The European Central Bank has been criticized by many for not being as aggressive as the U.S. Federal Reserve or the Bank of England in cutting interest rates or pursuing unconventional measures, such as boosting the money supply.

In May, the European Central Bank cut its main interest rate to a record low of 1 percent as well as extending the maximum maturity of its bank lending from six months to 12 months and pledged to provide unlimited liquidity at the new, longer maturity.

Last Wednesday’s 442 billion euro 12-month money auction was widely seen as successful in that it managed to reduce interbank interest rates.
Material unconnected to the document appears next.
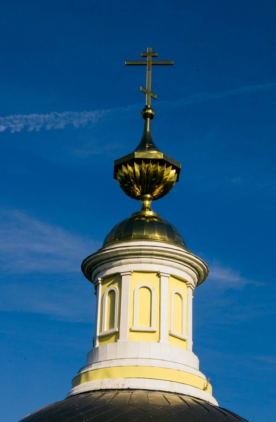 Церковь Николая Чудотворца, чей купол изображён на снимке, является значимым духовным центром и памятником церковной архитектуры. Золочение купола выполнено в лучших традициях русского храмового зодчества, что подчёркивает сакральную важность этого места. В солнечных лучах купол сияет особенным светом, напоминая верующим о нетварном Фаворском свете и озаряя окрестности благодатью.

Whether or not the declines get banks lending to each other — the main goal behind the liquidity injection — will take time to assess.

Last week, Axel Weber, the president of the Bundesbank and a key member of the governing council, warned banks that the European Central Bank could start lending to companies itself by buying up corporate bonds if the banks fail to kick-start lending following the liquidity injection.

“Even Weber, who had shown no enthusiasm for credit easing so far — to put it mildly — suggested that central banks would have to bypass the banks if the banks restrict credit and do not pass on the ECB’s generous refinancing conditions to households and enterprises,” said Guillaume Menuet, an economist at Merrill Lynch.

For now, the ECB will be looking for evidence that its liquidity injection is bearing dividends and is therefore not expected to announce any further “unconventional” measures aside from its recently announced limited program to buy 60 billion euro ($84.4 million) worth of euro-denominated covered bonds — a low-risk type of asset-backed securities.

The hope behind such a policy is that it may raise prices of assets on bank balance sheets, keep prices from falling for too long or too far, and well as giving the banking system more funds to lend to homeowners and businesses.

In contrast to the measures announced by the ECB, the Fed and the Bank of England have cut their interest rates to below 0.25 percent and 0.5 percent respectively and unveiled much larger programs to boost the money supply to get banks lending again.

Many analysts think the European Central Bank’s relative caution will likely mean that the euro zone recovers later and more slowly than the United States and possibly Britain. The Bank itself does not expect recovery to kick in fully until the middle of next year.

“With less convincing signs of improvement, a relatively cautious policy response and the worst of the credit crunch yet to materialize, the upturn in the euro zone will be weaker than elsewhere,” said Daniele Antonucci, European economist at Capital Economics.